Task goal => Look at the data below and print exactly the lines from its first line through the line with "きゅうりをスライサーで輪切りにして、最後にごま油とごまを加えて和えるだけです。"; the pictures stay out of the copy.

Material for the task =>
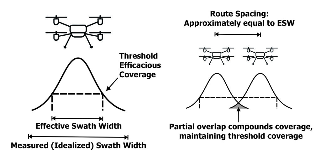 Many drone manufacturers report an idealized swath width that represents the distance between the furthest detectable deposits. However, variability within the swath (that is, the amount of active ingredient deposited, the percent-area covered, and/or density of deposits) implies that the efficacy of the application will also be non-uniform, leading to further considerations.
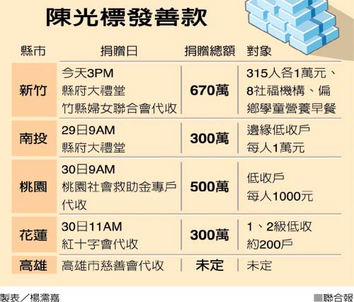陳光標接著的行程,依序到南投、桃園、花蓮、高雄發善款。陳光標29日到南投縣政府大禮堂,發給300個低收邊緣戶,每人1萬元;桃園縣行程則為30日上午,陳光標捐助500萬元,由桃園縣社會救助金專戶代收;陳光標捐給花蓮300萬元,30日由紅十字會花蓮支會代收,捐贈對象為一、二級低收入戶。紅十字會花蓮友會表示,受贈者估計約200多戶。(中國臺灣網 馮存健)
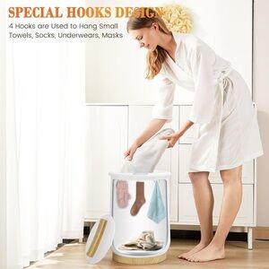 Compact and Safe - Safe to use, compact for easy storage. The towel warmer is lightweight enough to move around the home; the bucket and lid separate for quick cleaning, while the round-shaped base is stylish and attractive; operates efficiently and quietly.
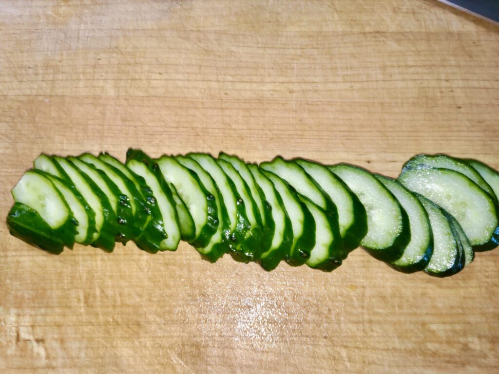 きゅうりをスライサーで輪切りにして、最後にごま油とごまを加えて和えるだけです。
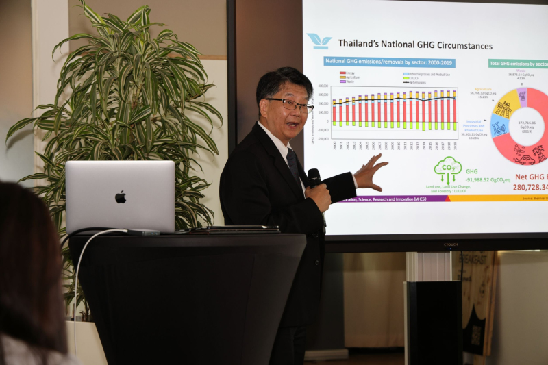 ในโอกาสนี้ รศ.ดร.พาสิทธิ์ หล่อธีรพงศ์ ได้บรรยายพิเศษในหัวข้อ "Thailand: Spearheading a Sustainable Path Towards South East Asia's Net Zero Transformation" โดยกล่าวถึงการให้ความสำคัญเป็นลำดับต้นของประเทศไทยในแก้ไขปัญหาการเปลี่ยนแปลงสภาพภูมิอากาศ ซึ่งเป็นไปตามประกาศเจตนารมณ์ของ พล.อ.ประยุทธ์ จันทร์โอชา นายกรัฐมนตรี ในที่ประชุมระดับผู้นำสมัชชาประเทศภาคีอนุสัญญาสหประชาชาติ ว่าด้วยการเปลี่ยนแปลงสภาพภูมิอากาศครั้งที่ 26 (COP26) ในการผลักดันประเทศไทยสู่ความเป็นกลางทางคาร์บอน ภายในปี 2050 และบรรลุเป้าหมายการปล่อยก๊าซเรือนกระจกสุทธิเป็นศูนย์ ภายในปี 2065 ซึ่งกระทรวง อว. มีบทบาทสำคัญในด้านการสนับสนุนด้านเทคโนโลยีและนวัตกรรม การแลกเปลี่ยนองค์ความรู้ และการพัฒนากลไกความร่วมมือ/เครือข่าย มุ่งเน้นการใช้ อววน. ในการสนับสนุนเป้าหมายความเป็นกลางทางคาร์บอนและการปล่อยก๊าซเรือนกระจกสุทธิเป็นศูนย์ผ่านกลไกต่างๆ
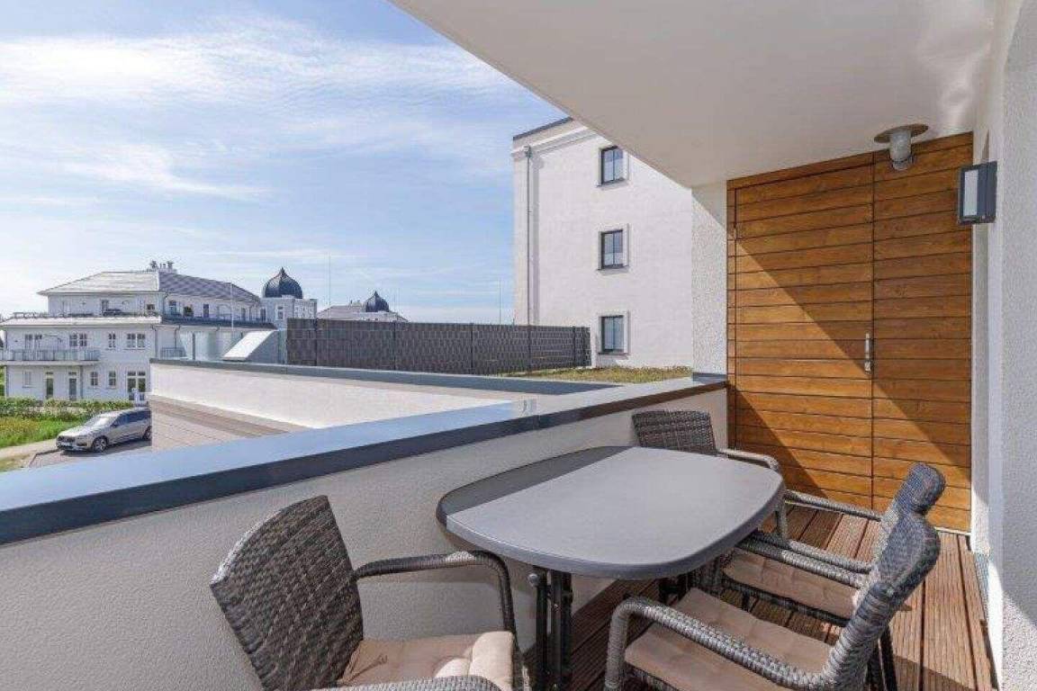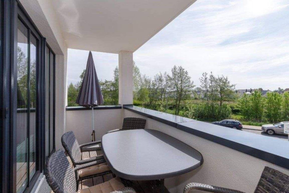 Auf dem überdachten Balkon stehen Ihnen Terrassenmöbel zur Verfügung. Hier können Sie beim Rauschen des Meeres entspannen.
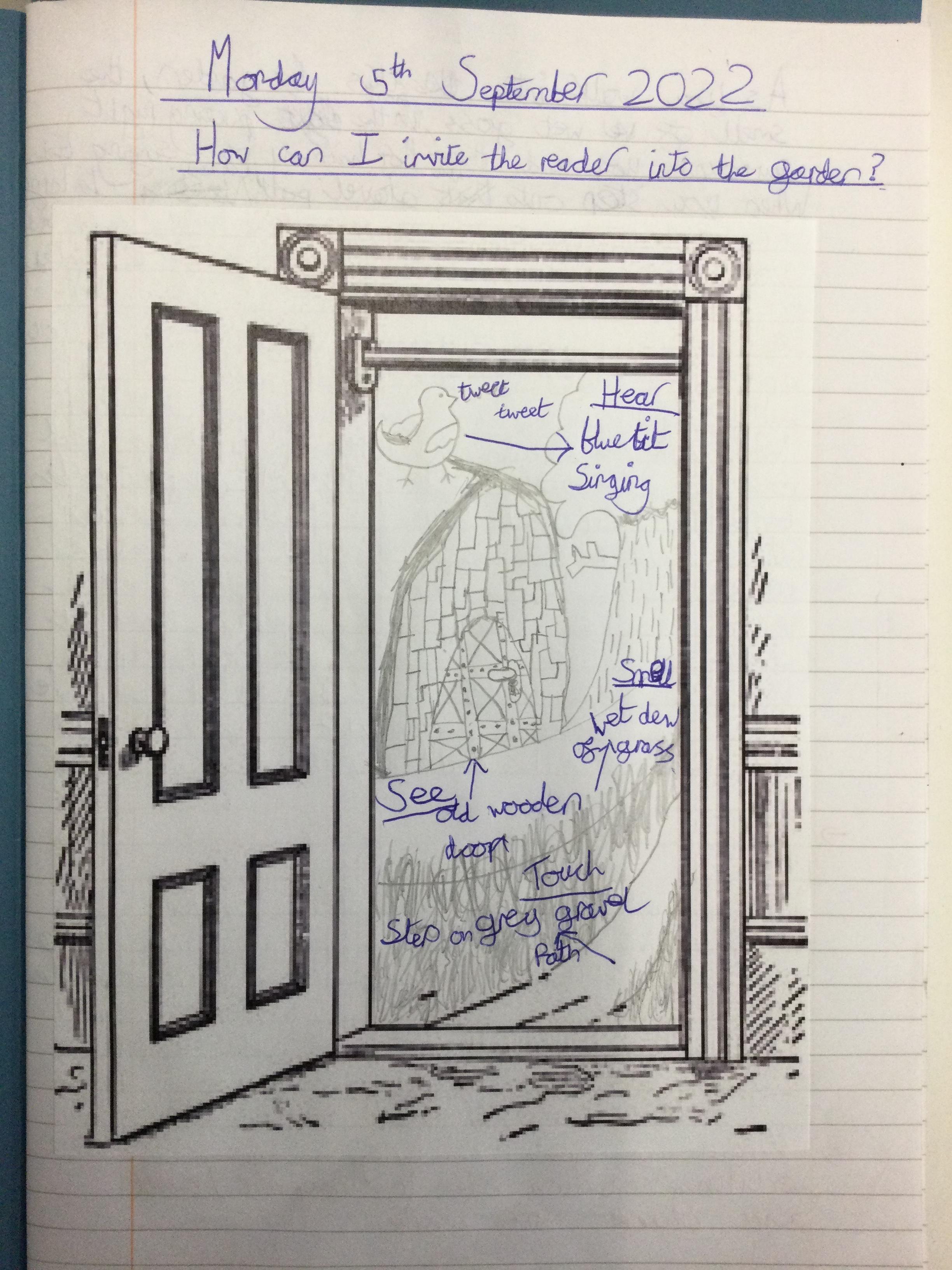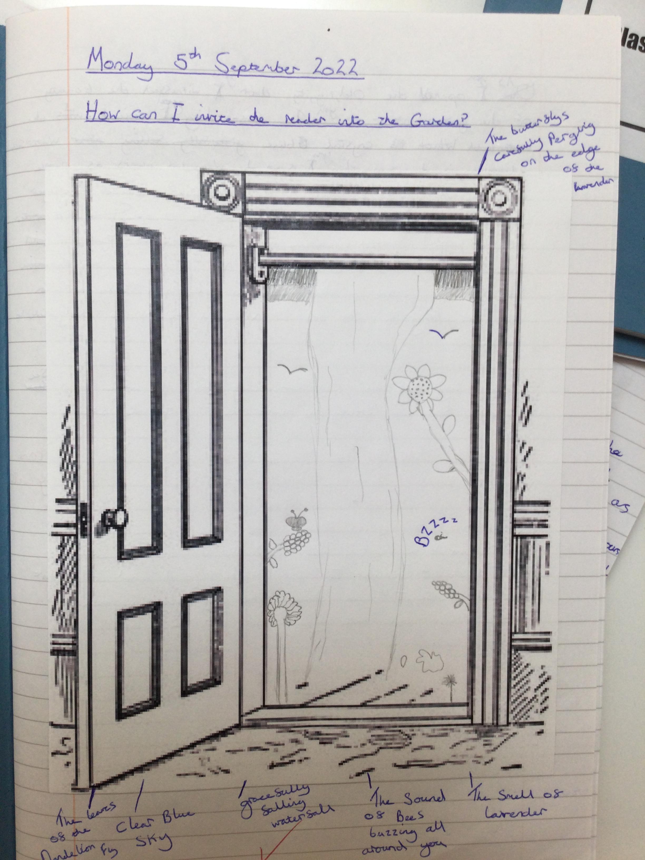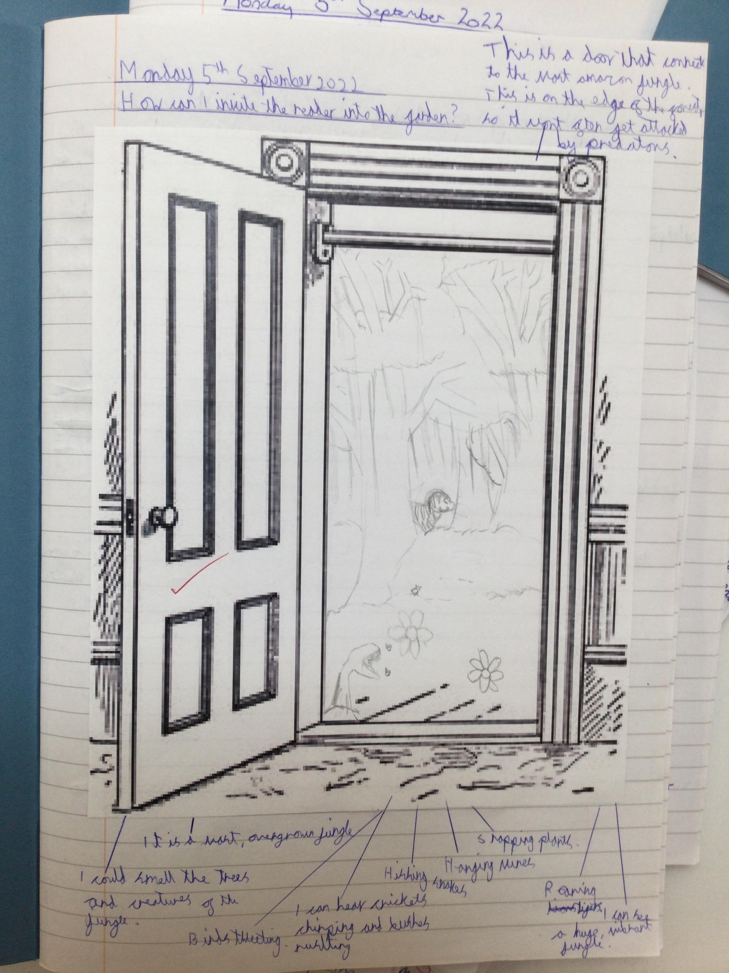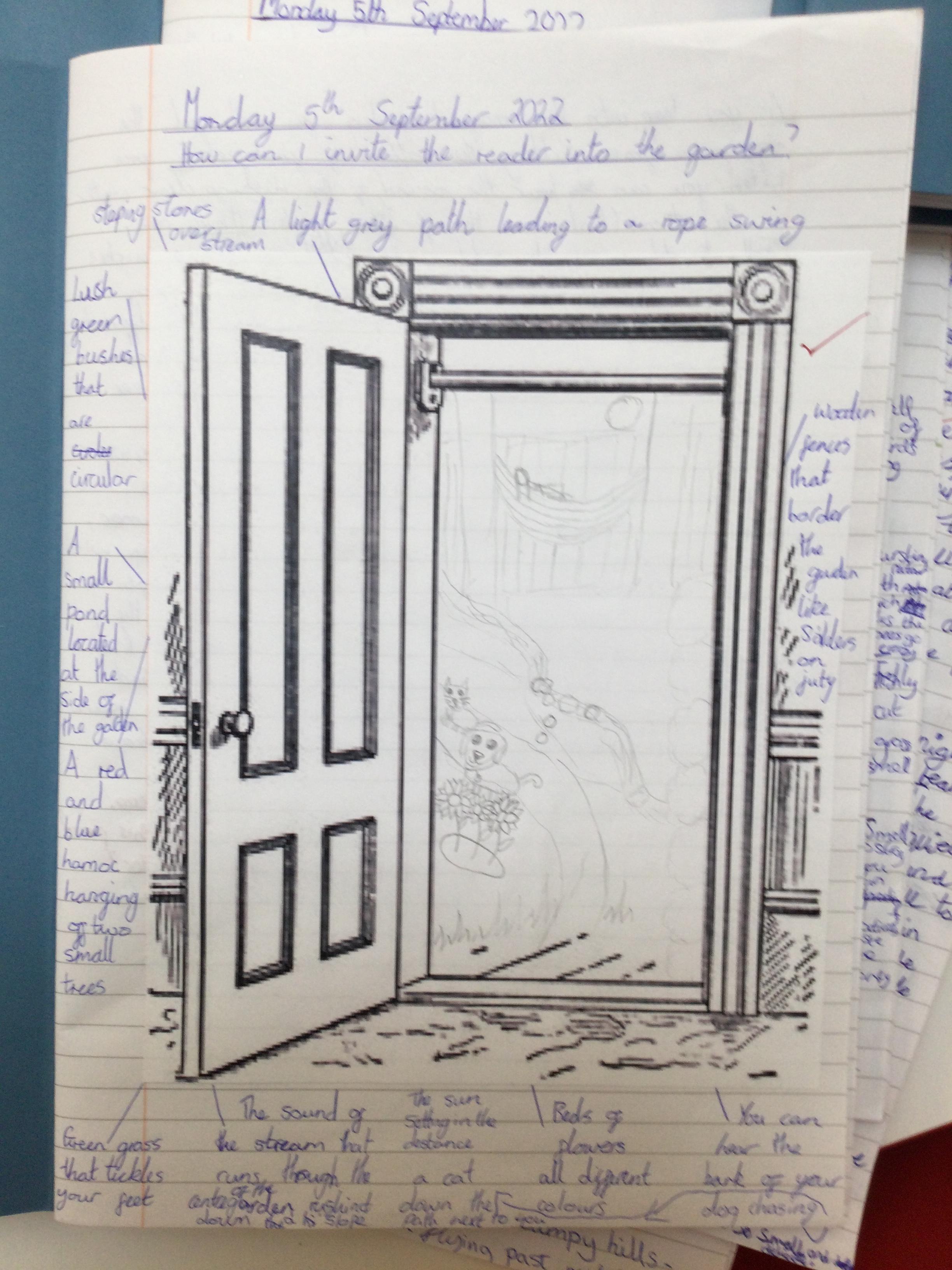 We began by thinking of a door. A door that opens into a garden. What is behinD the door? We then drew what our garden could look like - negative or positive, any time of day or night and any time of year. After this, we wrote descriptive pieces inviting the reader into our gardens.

Result for this exercise =>
 Many drone manufacturers report an idealized swath width that represents the distance between the furthest detectable deposits. However, variability within the swath (that is, the amount of active ingredient deposited, the percent-area covered, and/or density of deposits) implies that the efficacy of the application will also be non-uniform, leading to further considerations.
陳光標接著的行程,依序到南投、桃園、花蓮、高雄發善款。陳光標29日到南投縣政府大禮堂,發給300個低收邊緣戶,每人1萬元;桃園縣行程則為30日上午,陳光標捐助500萬元,由桃園縣社會救助金專戶代收;陳光標捐給花蓮300萬元,30日由紅十字會花蓮支會代收,捐贈對象為一、二級低收入戶。紅十字會花蓮友會表示,受贈者估計約200多戶。(中國臺灣網 馮存健)
 Compact and Safe - Safe to use, compact for easy storage. The towel warmer is lightweight enough to move around the home; the bucket and lid separate for quick cleaning, while the round-shaped base is stylish and attractive; operates efficiently and quietly.
 きゅうりをスライサーで輪切りにして、最後にごま油とごまを加えて和えるだけです。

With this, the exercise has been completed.